Confirmed diagnosis of chronic lymphocytic leukaemia (CLL) or small lymphocytic lymphoma (SLL) according to International Workshop of Chronic Lymphocytic Leukaemia (iwCLL) criteria.
Confirmed histopathological diagnosis of Diffuse large B-Cell Lymphoma (DLBCL)-type Richter’s Transformation (RT) according to World Health Organisation (WHO) classification.
Previously untreated RT (prior CLL treatment or pre-phase treatment of RT with corticosteroids is allowed)
Patients are required to have the below mentioned washout periods prior to planned Cycle 1 Day 1 (C1D1). In addition, prior treatment-related adverse events (AEs) must have recovered to Grade less than or equal to 1 with the exception of alopecia and lymphopenia.
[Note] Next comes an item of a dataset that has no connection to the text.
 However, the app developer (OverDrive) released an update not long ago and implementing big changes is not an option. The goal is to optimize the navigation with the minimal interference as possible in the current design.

Targeted agents, investigational agents, therapeutic monoclonal antibodies or cytotoxic chemotherapy: 5 half-lives or 2 weeks, whichever is shorter.
Broad field radiation (greater than or equal to 30% of the bone marrow or whole brain radiotherapy) must be completed 14 days prior to study enrollment.
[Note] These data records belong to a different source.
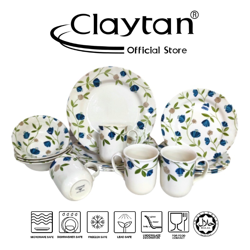 CLAYTAN 16 PCS DINNER SET (4 Pax) Lead Safe Ceramic Tableware Pinggan Mangkuk Cup Teapot-Elegant Floral
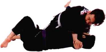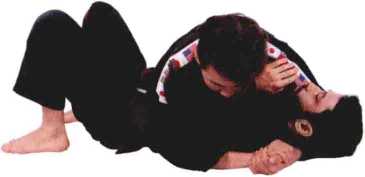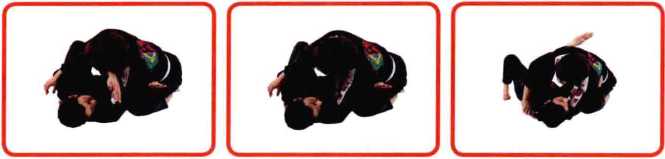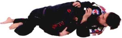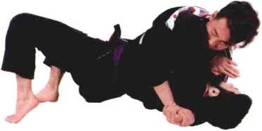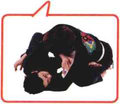 多人在做这个动作时,试图将对手向上 推,这是无用的。你与对手之间没有空隙,你的 左手无法穿过对方的身体,就没有办继续下面的 动作。必须通过向斜上方起桥来获得空隙。
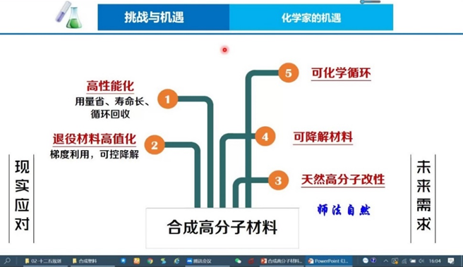 此次报告,唐老师从“既讲高分子又讲有机化学”的角度出发,围绕“退役材料合成高分子无法生态消融”这一主线,从“发展与文明”、“挑战与机遇”、“探索与进展”、“体会与感悟”四个方面为我们进行了深入浅出的阐述。

Palliative limited field radiation must be completed 7 days prior to study enrollment.
Creatinine clearance greater than or equal to 40ml/min calculated according to the modified formula of Cockcroft and Gault or directly measured with 24 hour urine collection or an equivalent method.
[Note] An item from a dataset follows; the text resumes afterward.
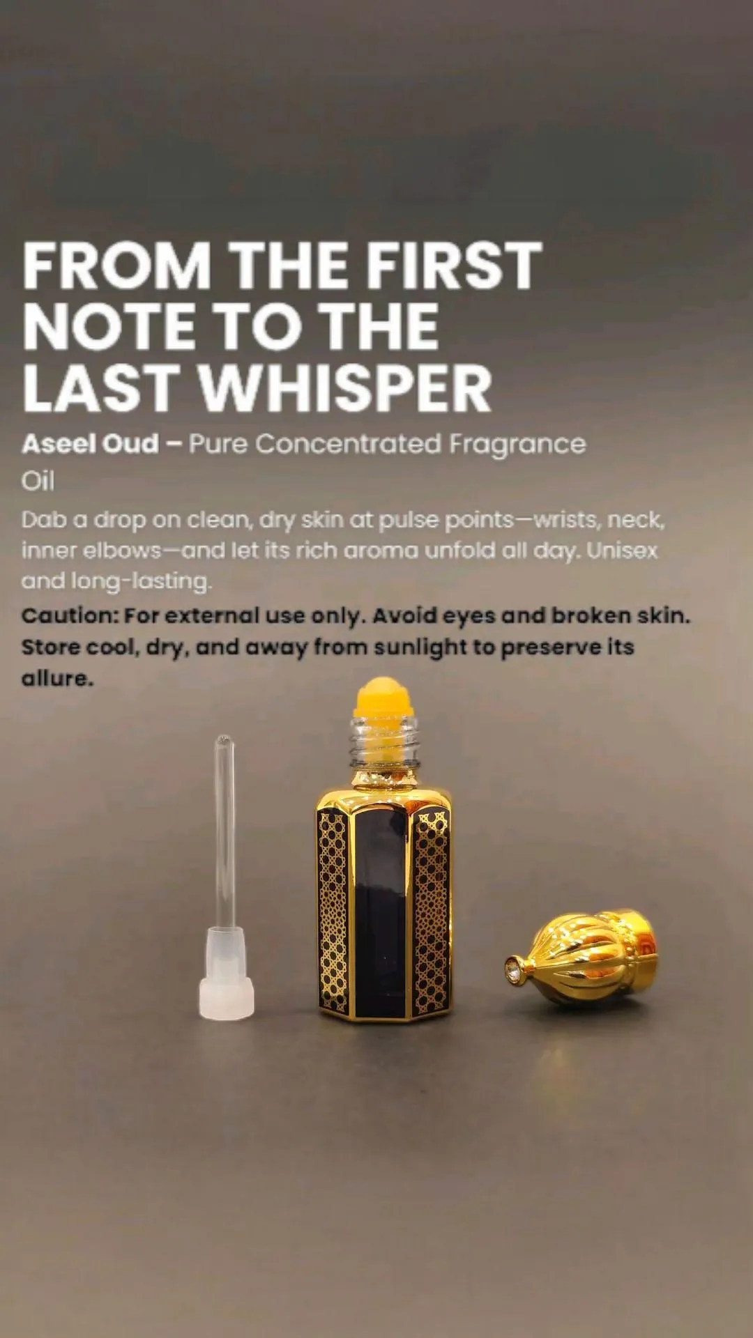 • Fragrance: Hyacinth• Material: Oil• Product Feature: Long Lasting Fragrance, Refreshing, Mood Enhancing• Top Note: Black Pepper, Bergamot• Middle Note: Cinnamon Leaf• Base Note: Cedarwood Atlas• Gender Type: Unisex• Color: Golden• Package Includes: 1 x Attar• Quantity: 3 Ml• Aseel Attar is an Oriental Arabian Fragrance for women and men.• The Fragrance features Oud, Rose of Taif, Incense, Musk, Sandalwood and rare spices.• Attar free from Alcohol.• Note: There might be an error of 1-3 cm due to manual measurement, and slight color differences may occur as a result of varying lighting and monitor effects.• Product Code: MZ32400000108MASGML

Adequate liver function as indicated by a total bilirubin less than or equal to 1.5 x Aspartate aminotransferase (AST)/ Alanine aminotransferase (ALT) less than or equal to 3.0 x the institutional Upper limit of normal (ULN) value, unless directly attributable to the patient’s CLL/RT or to Gilbert’s Syndrome, in which case a max. total bilirubin less than or equal to 3 x and AST/ALT less than or equal to 5 x the institutional ULN value are required.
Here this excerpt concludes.